Have you ever been so worried about something that you were “sick to your stomach” about it? We have too! Let’s explore brain and gut health.
There is a strong link connecting your brain and gut in the form of bidirectional communication between the guts microbiota and the brains neural pathways. Nerves can send signals through the neural pathways in the chemical form of neurotransmitters. This is possible because set in the walls of your digestive system is something called the Enteric Nervous System or ENS (1). Similar to the Central Nervous System (CNS, which is composed of your brain, spinal cord, and main nerves), the ENS is made up of millions of nerves controlling your bodies subconscious movements. Unlike CNS, however, the ENS does not “think” in the form of understandable thought but transmits to the CNS through the neurotransmitters. This constant communication, known as the gut-brain axis, means shifts in your brain or gut can affect the other in a major way. This is a long way of saying that your mental state can have a direct influence on your intestinal health (and vice-versa).
Now that we have established the connection that exists between your brain and gut, how can you help keep those systems healthy?
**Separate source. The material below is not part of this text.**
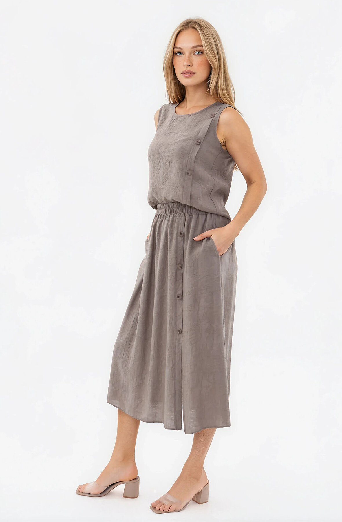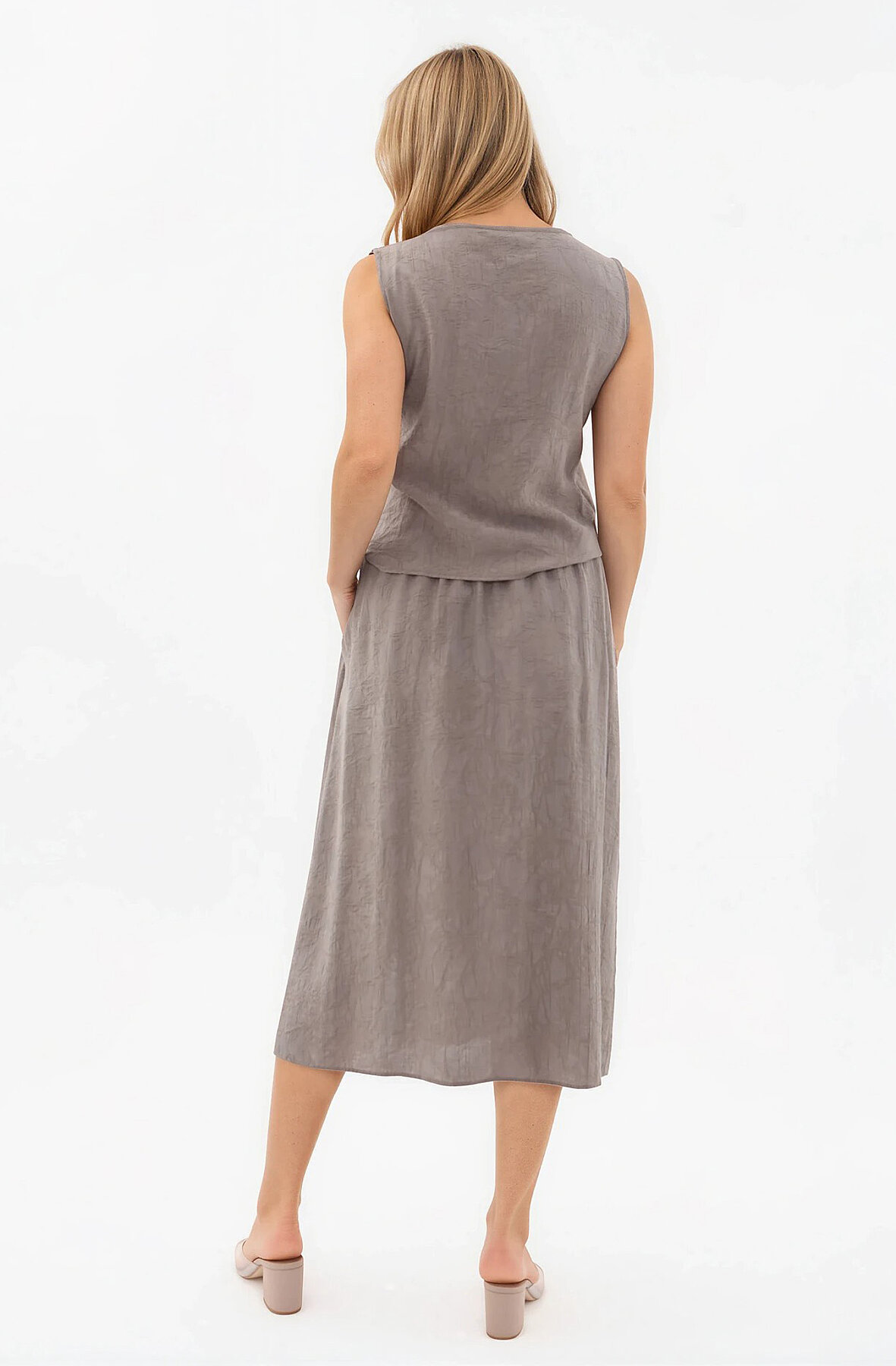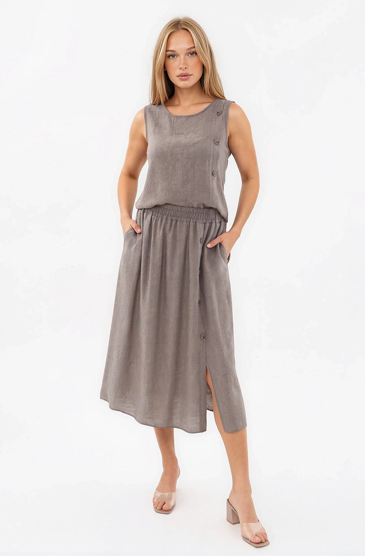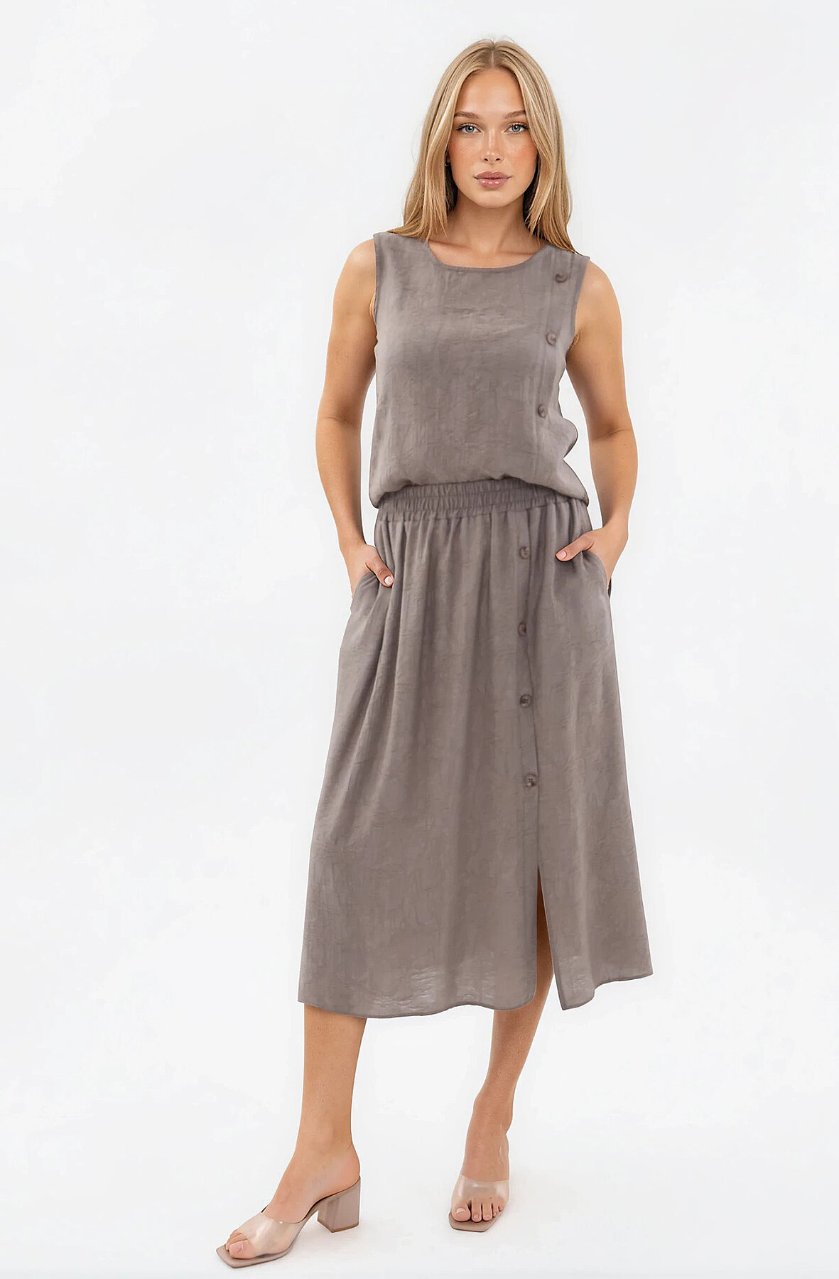 Beli Lastikli Kendinden Desenli Düğmeli Etek Duman

B-12– Studies have shown that B-12 is an important vitamin for red cell development and supporting the prevention of brain degradation. B-12 encourages healthy nerves and serotonin levels, having a role in supporting normal brain cognition (2).
Lion’s Mane– Studies have shown that Lion’s Mane contains compounds that may protect against dementia and other memory loss because they support the regenerative production of brain cells (3).
Aloe Vera– Aloe Vera can potentially help ease stomach pain and discomfort by soothing the intestines and releasing enzymes that support healthy movement in the digestive tract.
Pro/Prebiotics– Pro/ Prebiotics have been shown to help maintain a healthy microbiome in the intestinal tract. Taking probiotics replaces any lost bacteria that your body needs to digest food and have a healthy acidic balance. Taking prebiotics can help the the growth of the natural bacteria in your stomach.
Dandelion Root– Studies have shown dandelion root may be able to improve carbohydrate digestion and fat storage and potentially promote healthy liver function.
(1) “The Brain-Gut Connection.” Johns Hopkins Medicine, www.hopkinsmedicine.org/health/wellness-and-prevention/the-brain-gut-connection.
(2) Tangney, C C, et al. “Vitamin B12, Cognition, and Brain MRI Measures: a Cross-Sectional Examination.” Neurology, Lippincott Williams & Wilkins, 27 Sept. 2011, www.ncbi.nlm.nih.gov/pmc/articles/PMC3179651/.
(3) Sabaratnam, Vikineswary, et al. “Neuronal Health – Can Culinary and Medicinal Mushrooms Help?” Journal of Traditional and Complementary Medicine, Medknow Publications & Media Pvt Ltd, Jan. 2013, www.ncbi.nlm.nih.gov/pmc/articles/PMC3924982/.